文/懒橘子
这几日妈妈心情抑郁,我竟不知如何安慰。
1、
姊妹五人,妈属老三。
爸在最当年的年龄,辞了小情妹,来到表妹身边。
不知是抵不住家长威逼利诱还是情妹不足够吸引还是表妹另有绚丽。总之,爸在18岁的年龄和妈妈在一起。
一穷二白的社会,我们家,还算殷实。
当然,那时,我根本还是无形,正在地球上空的某处,以分子的形式游荡。
相继出嫁的大姑、二姑、四姑,家中也是一般人家。一般人家也就意味着吃不饱。我们的殷实也只是相对殷实,相对的是几个姑姑家。
虽如此,姑姑们总前仆后继要飞出去。
外面的世界很精彩,谁都想去看一看,不愿意一辈子留在这栋老宅里。于是,妈妈留下来了。
2、
大姑家里弟兄多人,人多口杂,娃儿又多。大姑在外教书,家中掌饭勺的是她大嫂。于是大嫂家的五个娃吃的差不多时,大姑家的四个娃才被喊吃饭。

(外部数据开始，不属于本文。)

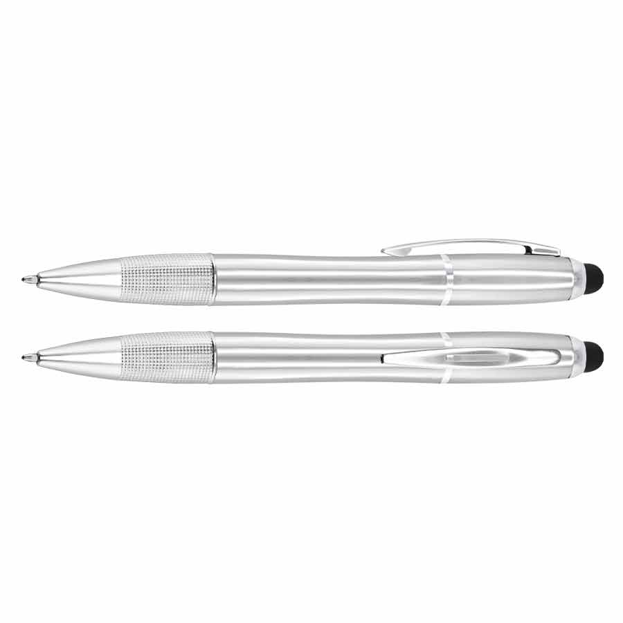 Bolígrafo plástico con puntero screen-touch al tono, modelo «NEON». Incluye luz LED al interior, para retroiluminar logo grabado sobre el cuerpo del bolígrafo. Escritura azul.

大姑从学校归去,常就是清汤一碗。于是奶奶总给大姑备好多吃的拿上。
晚上大姑嘴里咀嚼有声。
小儿子问妈妈,
吃什么呀。
大姑答,
没事,咬自己嘴巴玩。
偷着吃却不能让娃知道,因为一大家子都在一处,这点口粮哪能分得开?干脆就不分。
3、
二姑夫在外县上工。留下二姑和两个闺女,一个儿子。二姑黑,所以我们管二姑叫黑姑。
黑姑倒是自己四口过活,不过也是口粮短缺。
为了不让奶奶担心,黑姑来娘家总是不做长时间停留,更是不准表哥留在我们家,因为表哥会说实话,表哥会赖着不走吃上一个礼拜。

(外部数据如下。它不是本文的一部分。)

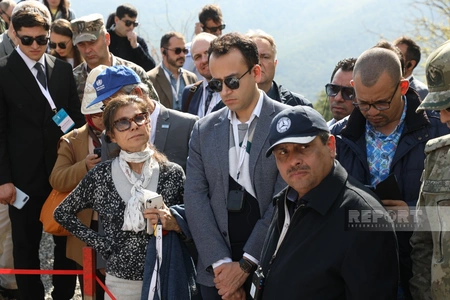 Участники международной конференции на тему "Решение проблемы пропавших без вести: право семей на правду" вместе с представителями аккредитованного в Азербайджане дипломатического корпуса побывали в селе Сырхавенд Агдеринского района на местности, где ранее было обнаружено массовое захоронение.

奶奶每次都拉着表哥,让他住上十天半个月,归去时总带上足够多的口粮。有时也会让爸和哥去给黑姑家送东西过去。
四姑夫也在外教书。留四姑和娃在家。四姑长得最白,我们叫她白姑。
奈何家中都是窘迫之人,白姑是个过日子急迫的人,每次回娘家,总吃到最撑,管饱三天够。
我们家羊有了小羊,白姑抱走了,鸡有了小鸡,白姑抱走了,猪有了小猪仔,白姑抱走了。最后,每次,不等妈妈发话,我和哥哥就会将新出生的小家伙放笼子里,连跑带跳奔到了白姑家。
4、
几个姑姑都是从娘家往出带,只有最小的六姑是从外往娘家带。因为我们白姑黑姑的叫,六姑自然也成了绿姑。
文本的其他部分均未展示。